Reading, Ohio; United States;
- Broadcast area: Cincinnati
- Frequency: 89.3 MHz
- Branding: Flagship Station of the Maple Knoll Village network.

Programming
- Format: adult standards; big band; nostalgia;

Ownership
- Owner: Maple Knoll Communities

History
- First air date: 1995
- Call sign meaning: Maple Knoll Village

Technical information
- Licensing authority: FCC
- Facility ID: 61575
- Class: A
- ERP: 410 watts
- HAAT: 72 meters (236 ft)
- Transmitter coordinates: 39°13′23.2″N 84°25′55.7″W﻿ / ﻿39.223111°N 84.432139°W
- Repeater: 89.9 MHz WLHS (West Chester)

Links
- Public license information: Public file; LMS;
- Webcast: Listen live
- Website: wmkvfm.org

= WMKV =

Radio station in Reading, Ohio

WMKV (89.3 FM) is a radio station in Reading, Ohio, a suburb of Cincinnati. It is the first FM educational public radio station to be licensed to a retirement community. Operating from the campus of Maple Knoll Village, WMKV broadcasts talk programs, classic shows from the old-time radio era, and features musical standards and big band music. The station also carries the audio of WKRC-TV's morning and evening news. The station's transmitter has an effective radiated power of 410 watts.
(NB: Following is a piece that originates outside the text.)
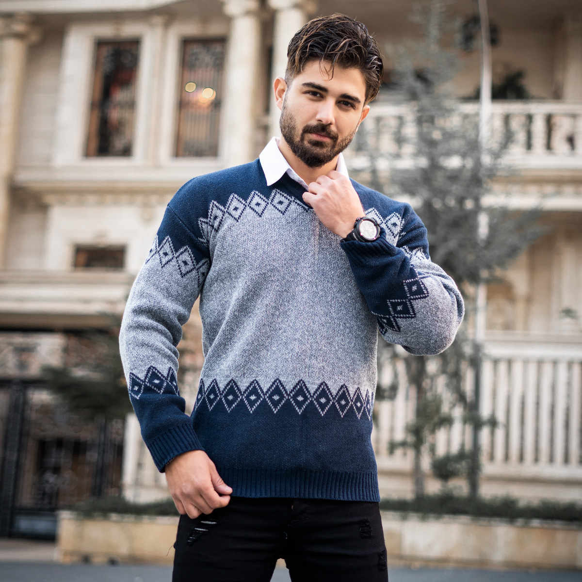 پلیور مردانه سرمه ای طوسی مدل lizan

Since July 2013, WMKV's programming has been also carried by Lakota Local School District's WLHS 89.9 FM.

==History==
WMKV has been broadcasting since 1995. It aired a revival of Moon River from 1995 to 1999. In 1999, WMKV took over 89.3 FM after Reading High School shut down its high school radio station, WRCJ.

In November 2004, WMKV was the subject of a front-page Los Angeles Times profile. The writer, P.J. Huffstutter, had discovered the station while reporting on the 2004 American presidential election from Ohio.